2016年12月mysql发布了5.7.17版本开始支持了group replication首先来看先传统复制和半同步复制和组复制的原理比较图
比较图
1.mysql传统复制是异步复制
2.mysql的半同步复制
3.mysql的组复制
部署组复制
看完原理我们就部署组复制,要安装和使用组复制必须要配置正确的mysqlserver实例,建议将配置存储在my.cnf中,以下是组中第一个节点的配置
server_id=1973306 #一般定义为你的机器ip的后几位加上数据库端口号
gtid_mode=on
enforce_gtid_consistenct=on
master_info_repository=TABLE
relay_log_info_repository=TABLE
binlog_checksum=NONE
log_slave_updates=ON
log_bin=binlog
binlog_fomat=ROW
transaction_write_set_extraction = XXHASH64 #指示server必须为每个事务收集写集合,并使用XXHASH64哈希算法将其编码为散列
loose-group_replication_group_name = 'aaaaaaaa-aaaa-aaaa-aaaa-aaaaaaaaaaaa' #告知插件正在加入或要创建的组要命名为'aaaaaaaa-aaaa-aaaa-aaaa-aaaaaaaaaa'
loose-group_replication_start_on_boot = off
#插件在server启动时不自动启动组复制
loose-group_replication_local_address = '192.168.1.197:33061'
#告诉插件使用地址为192.168.1.197,端口33061用于接受来自组中其他成员的传入连接
loose-group_replication_group_seeds ='192.168.1.197:33061,192.168.1.198:33062,192.168.1.199:33063'
#当下面这些server需要加入组时,应该连接到这些主机和端口上访问他们
loose-group_replication_allow_local_disjoint_gtids_join=on
loose-group_replication_bootstrap_group = off
#指示插件是否自动引导组
loose-group_replication_single_primary_mode=true
#设置为single-primary模式下,组内只有一个节点负责写入,读可以从任意一个节点读取,组内数据保持最终一致(另一种模式为multi-primary模式即为多写方案,即写操作会下发到组内所有节点,组内所有节点同时可读可写,该模式也是能够保证组内数据最终一致性)
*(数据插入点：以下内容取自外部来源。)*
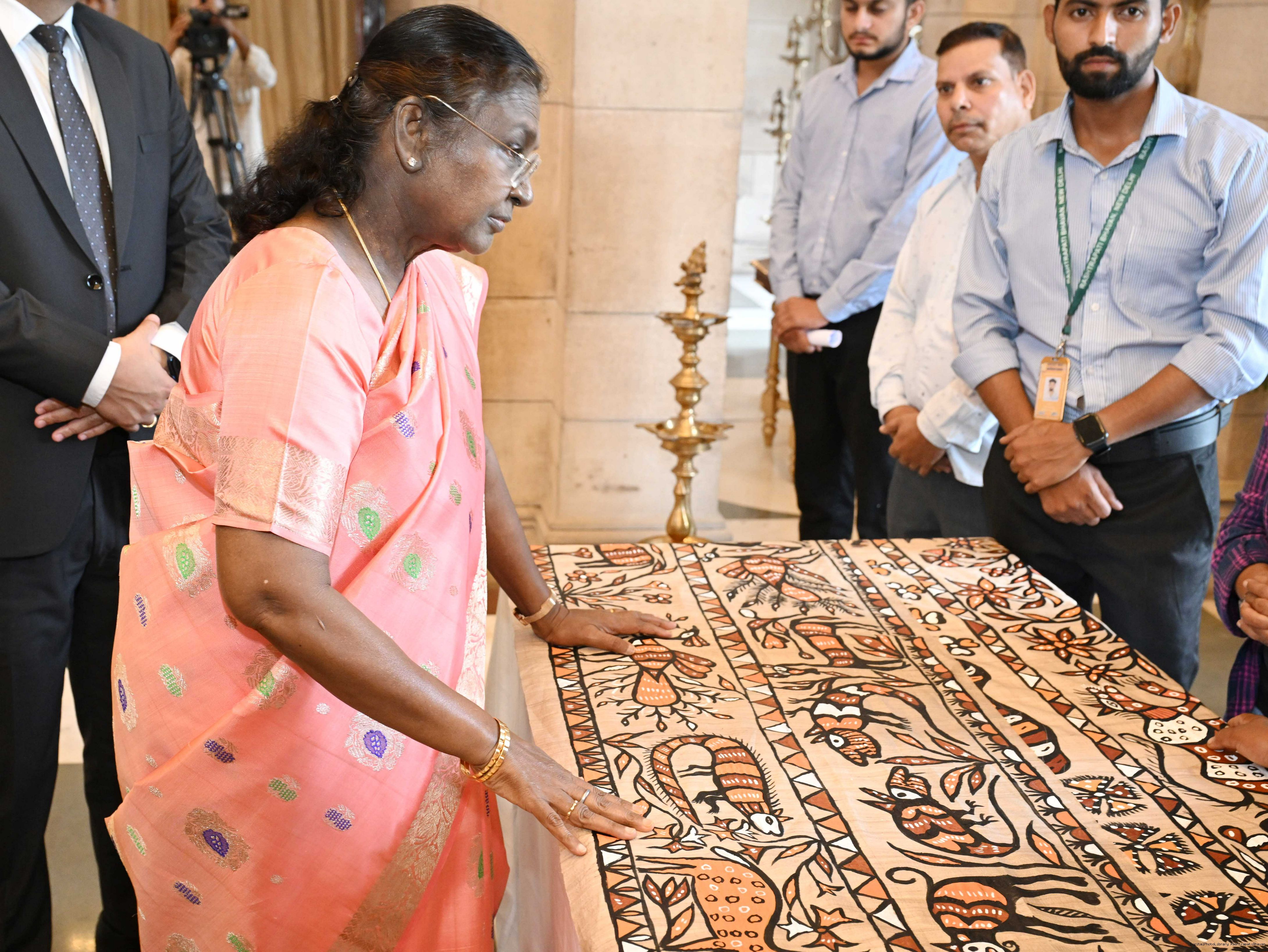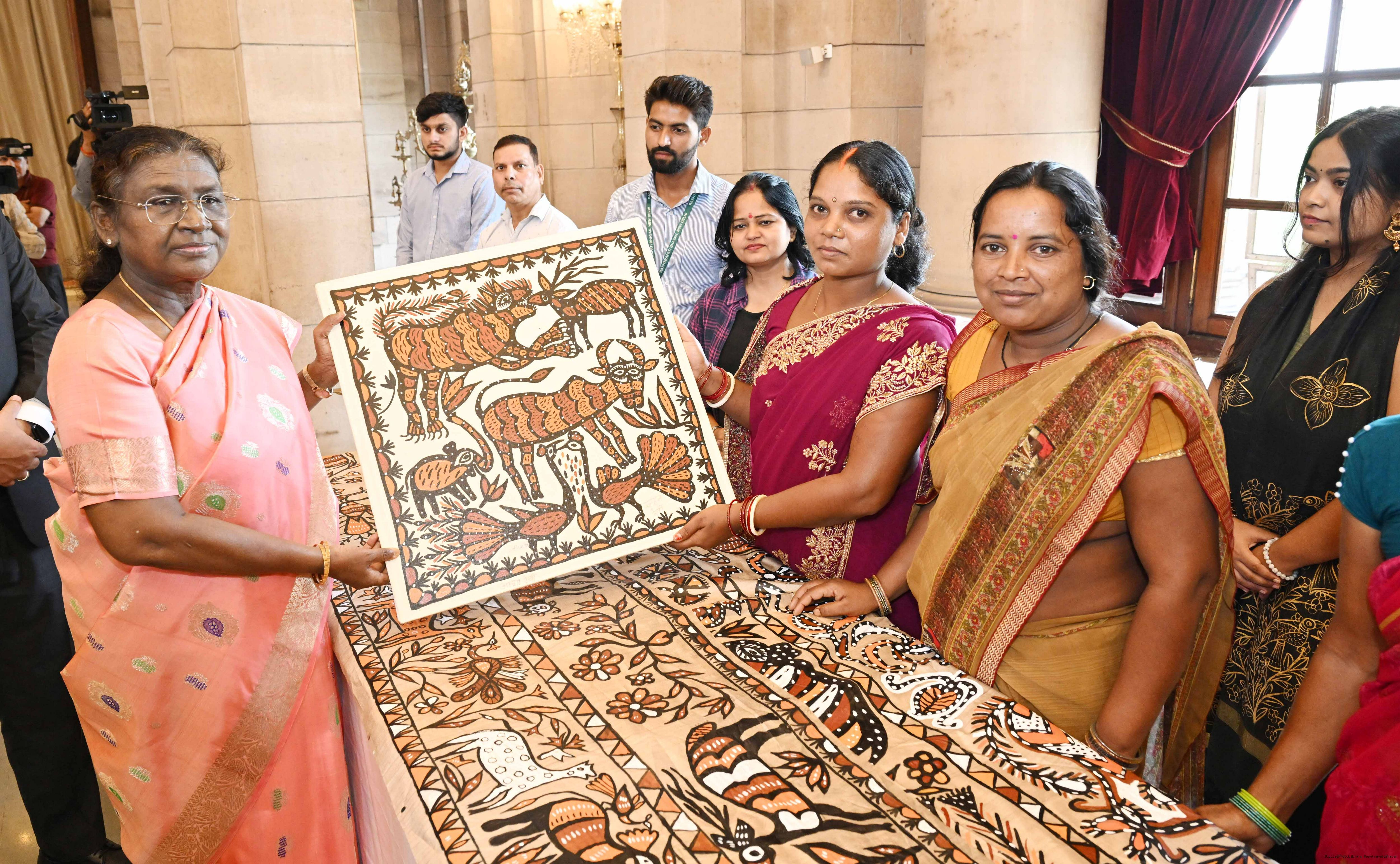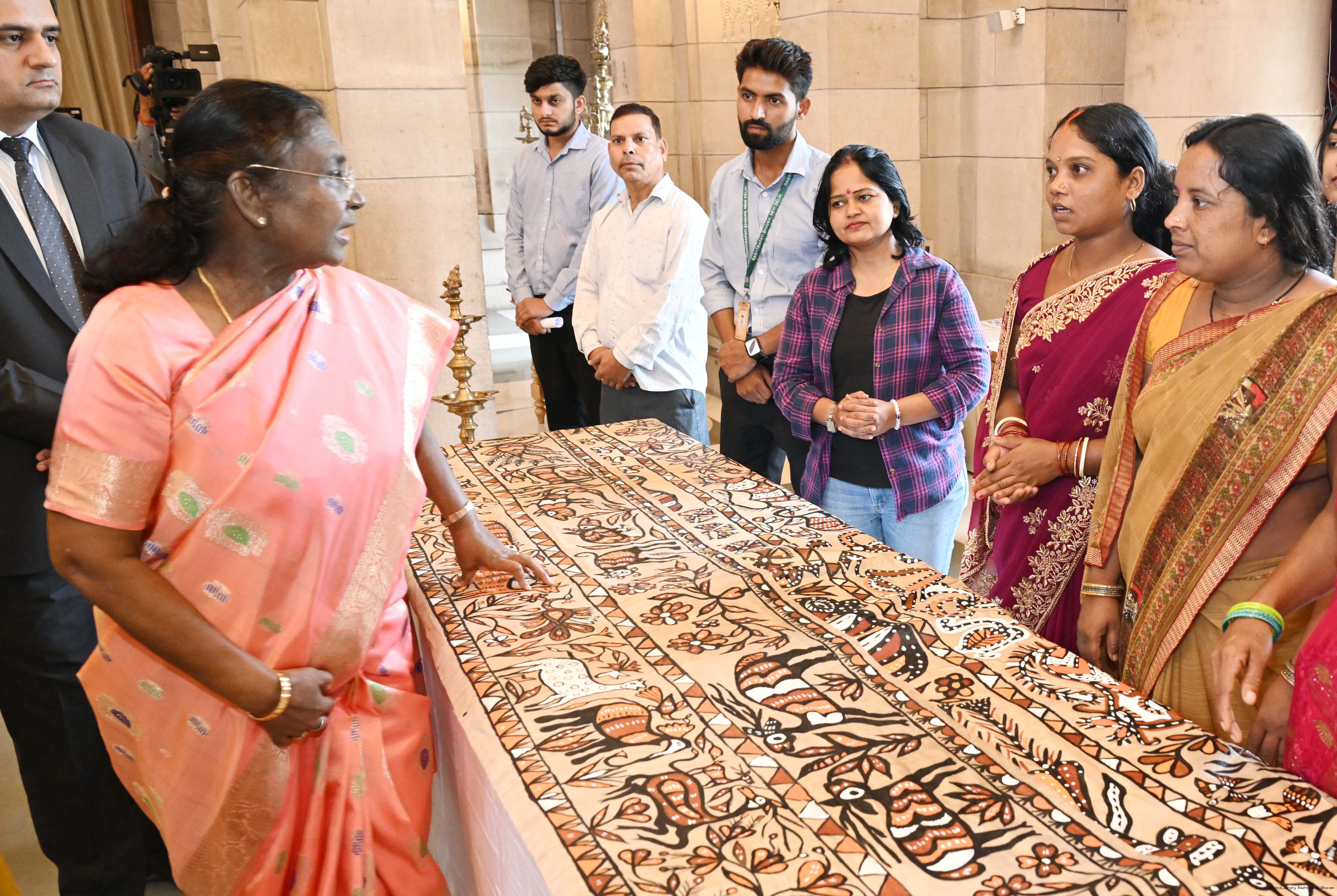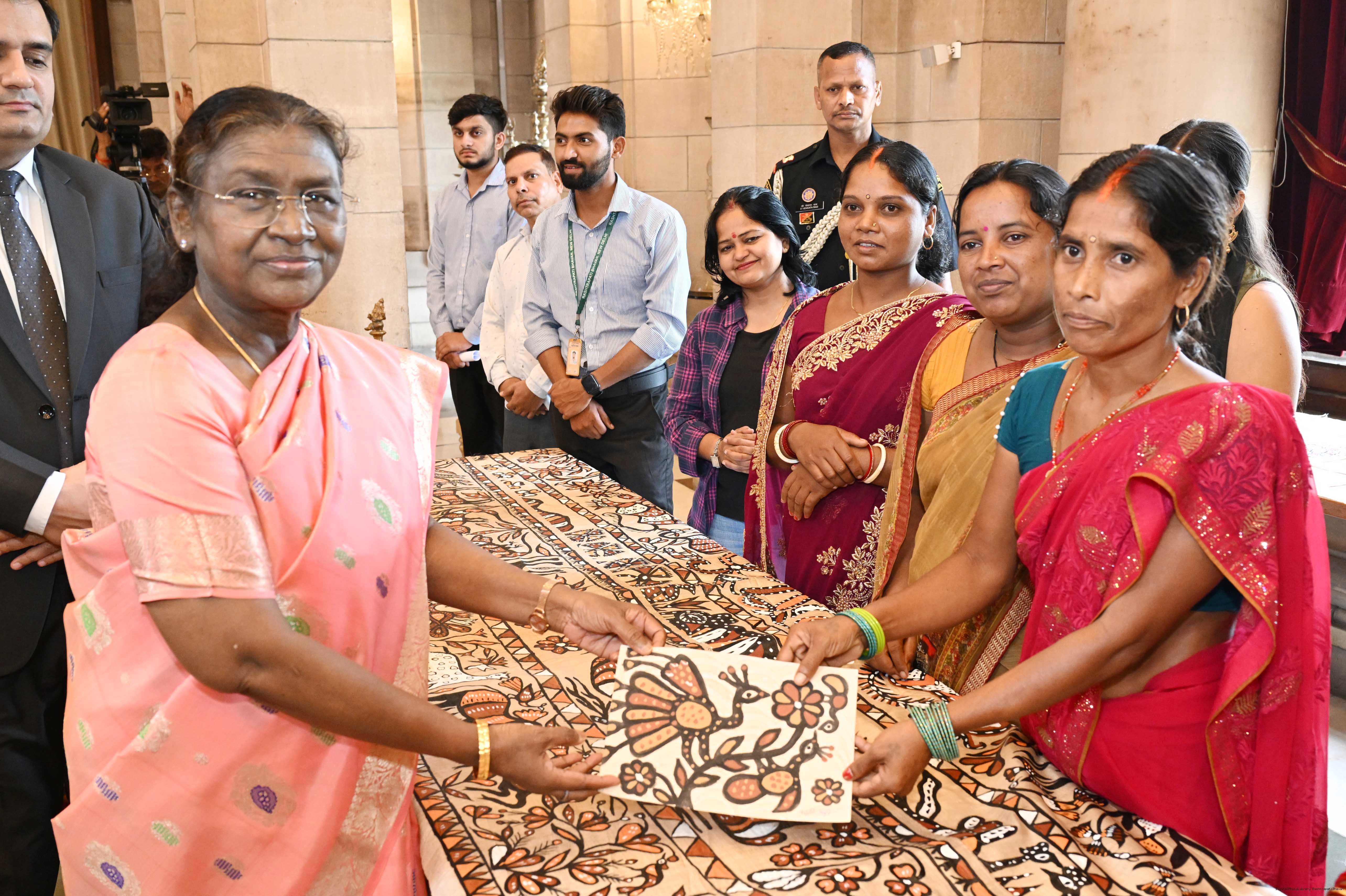 | Caption: | A group of Artists of Sohrai, Pattachitra and Patua art forms called on the President of India, Smt. Droupadi Murmu at Rashtrapati Bhavan on July 24, 2025. |

loose-group_replication_enforce_update_everywhere_checks=false
#这个参数设置检查对RP有影响的参数在各个节点是否一致
创建用户
创建具有REPLICATION-SLAVE权限的用户,此操作应该记录到二进制日志中,以避免将更改传递到其他server实例,以下是创建的过程。
root@mysqldb 14:20: [(none)]> set sql_log_bin=0;
Query OK, 0 rows affected (0.00 sec)
root@mysqldb 14:20: [(none)]> create user 'repl'@'%';
Query OK, 0 rows affected (0.00 sec)
root@mysqldb 14:21: [(none)]> grant replication slave on *.* to 'repl'@'%' identified by 'repl';
Query OK, 0 rows affected, 1 warning (0.00 sec)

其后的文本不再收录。